--- TASK INSTRUCTIONS ---
What is needed is an exact repetition of the lines from the first one in the data through the line with "Vestido ceñido, corto", with no pictures.

--- THE DATA ---
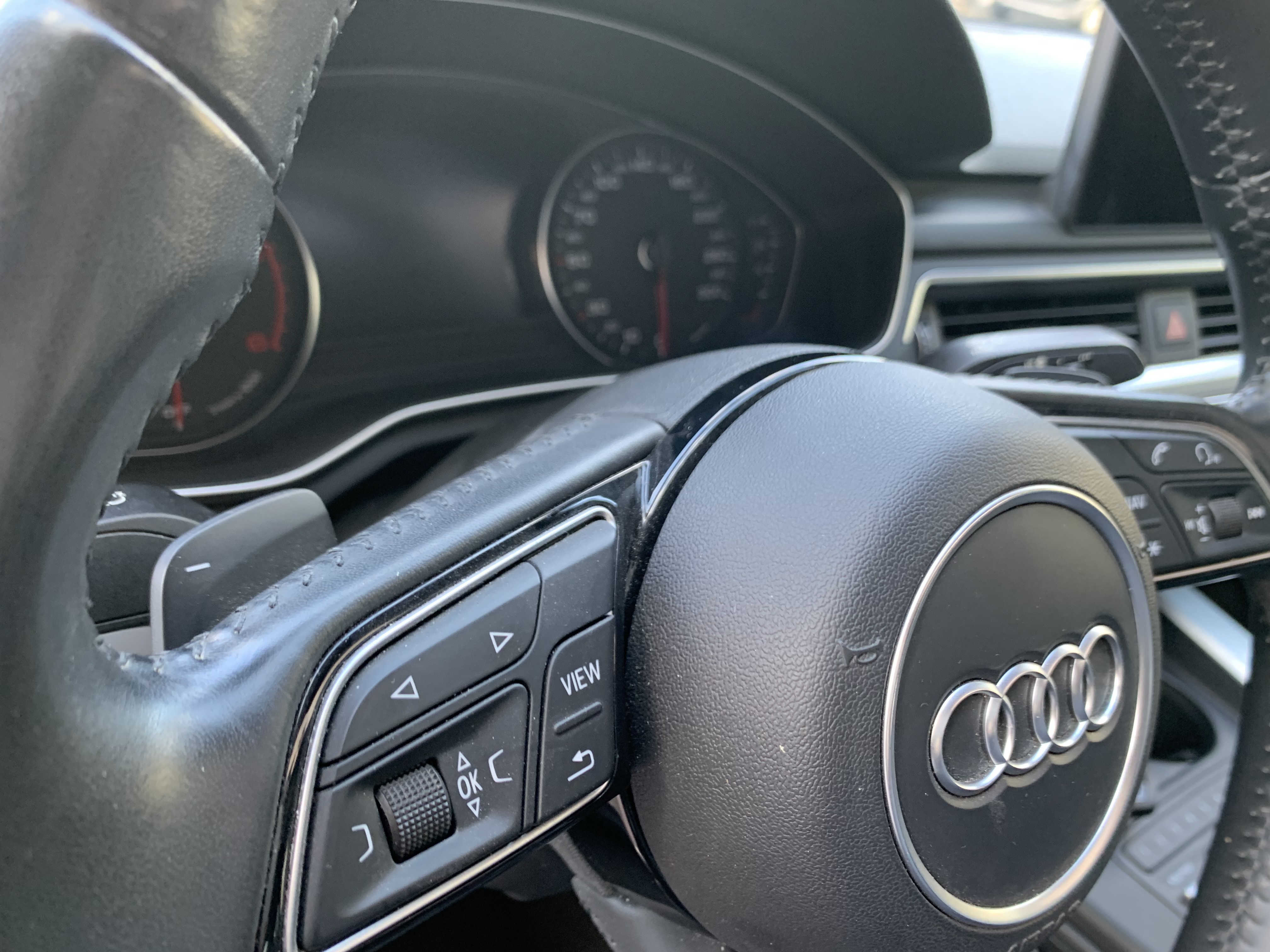 •Volante de cuero con levas.
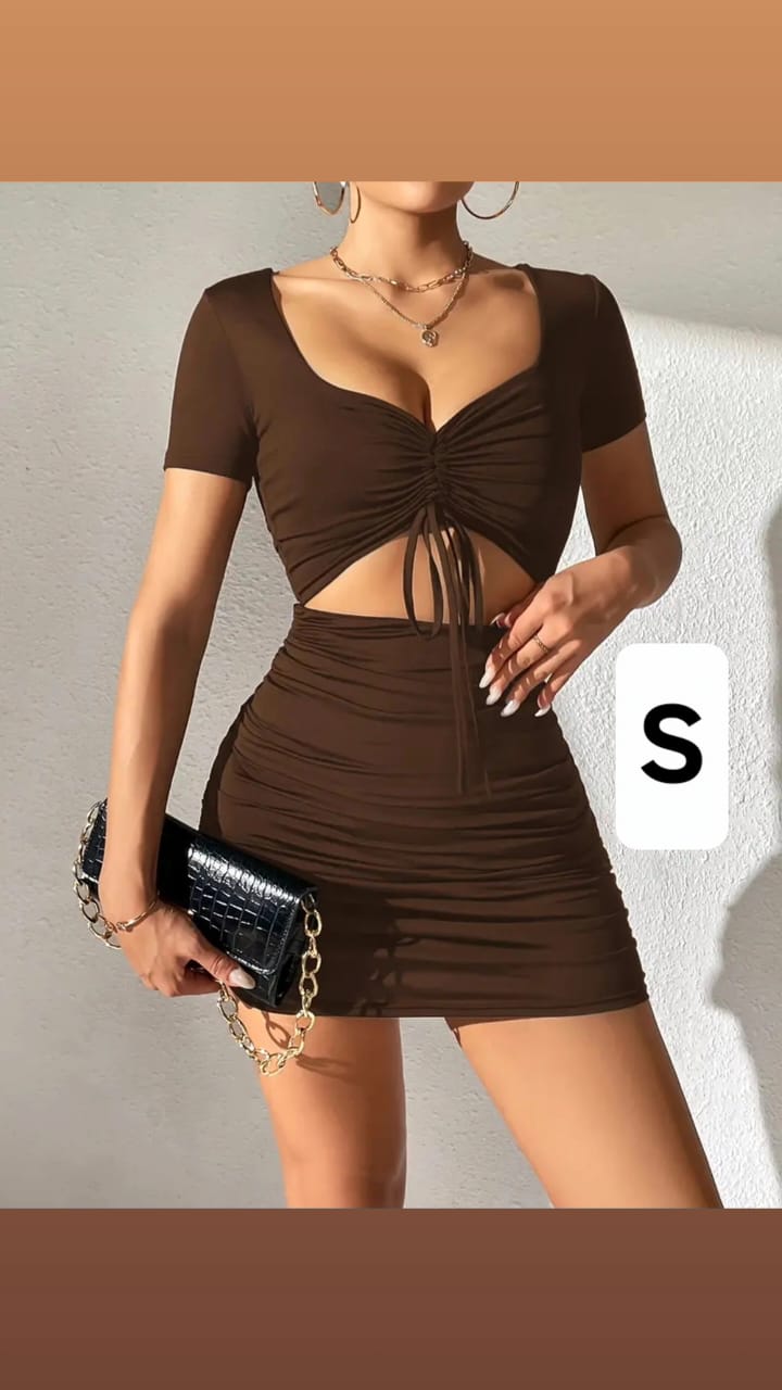 Vestido ceñido, corto de mangas cortas con abertura en el abdomen
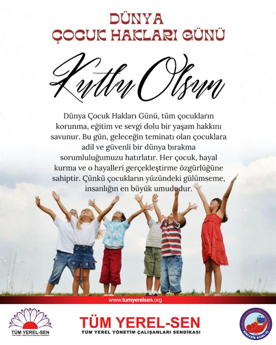 Her çocuğun eğitim, sağlık, beslenme ve barınma imkânlarından eşit olarak faydalandığı, hep birlikte yeniden inşa edeceğimiz sevgi ve umut dolu bir gelecek hedefiyle, yarınların umudu olan tüm çocuklarımızın 20 Kasım Dünya Çocuk Hakları Günü kutlu olsun.
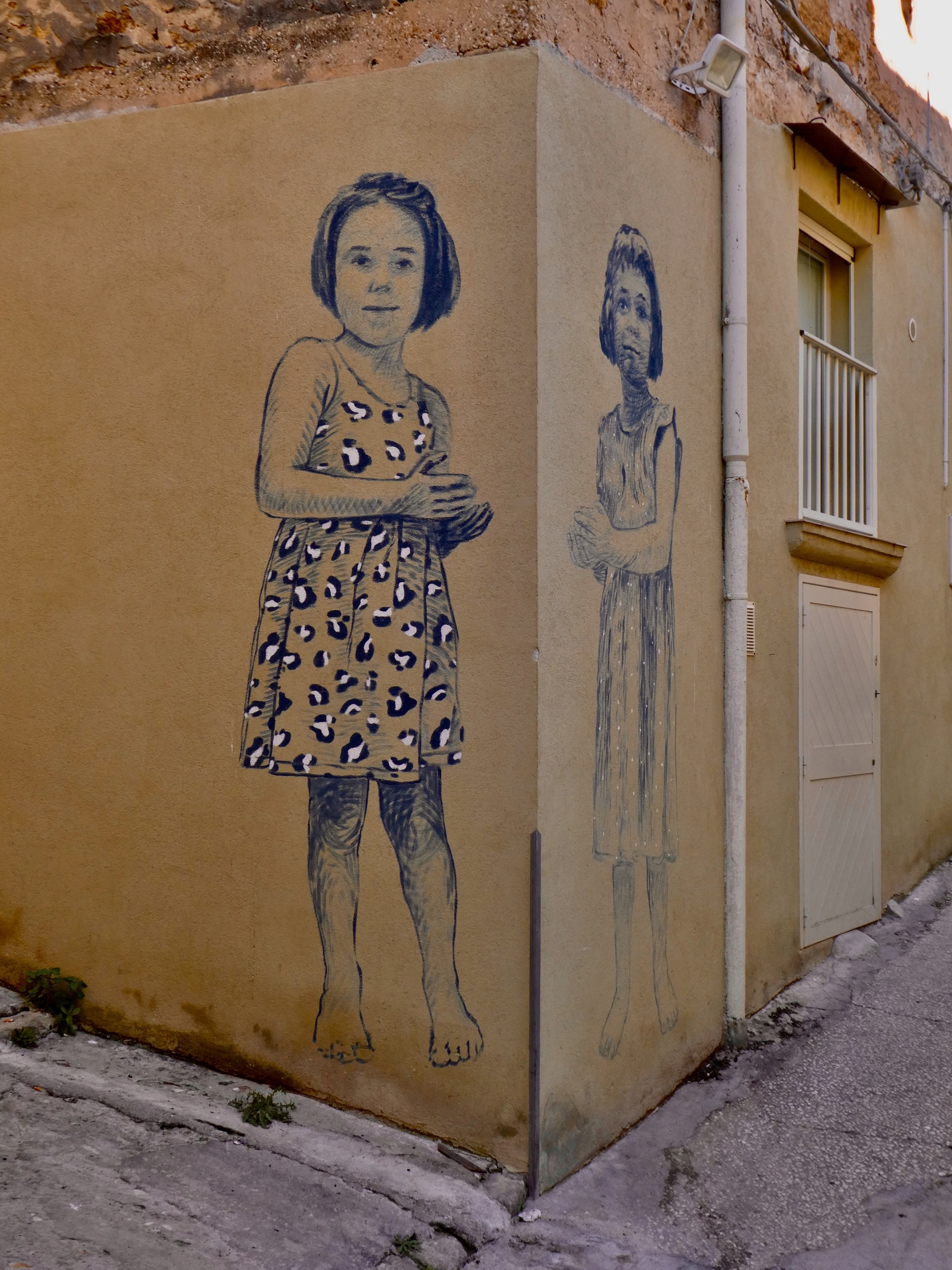 We start out together, following the one zigzag stairless path that gets us out of our warren, but when I come to a bit of wall art I want to stop at she’s quickly gone.

--- ANSWER SECTION ---
 •Volante de cuero con levas.
 Vestido ceñido, corto de mangas cortas con abertura en el abdomen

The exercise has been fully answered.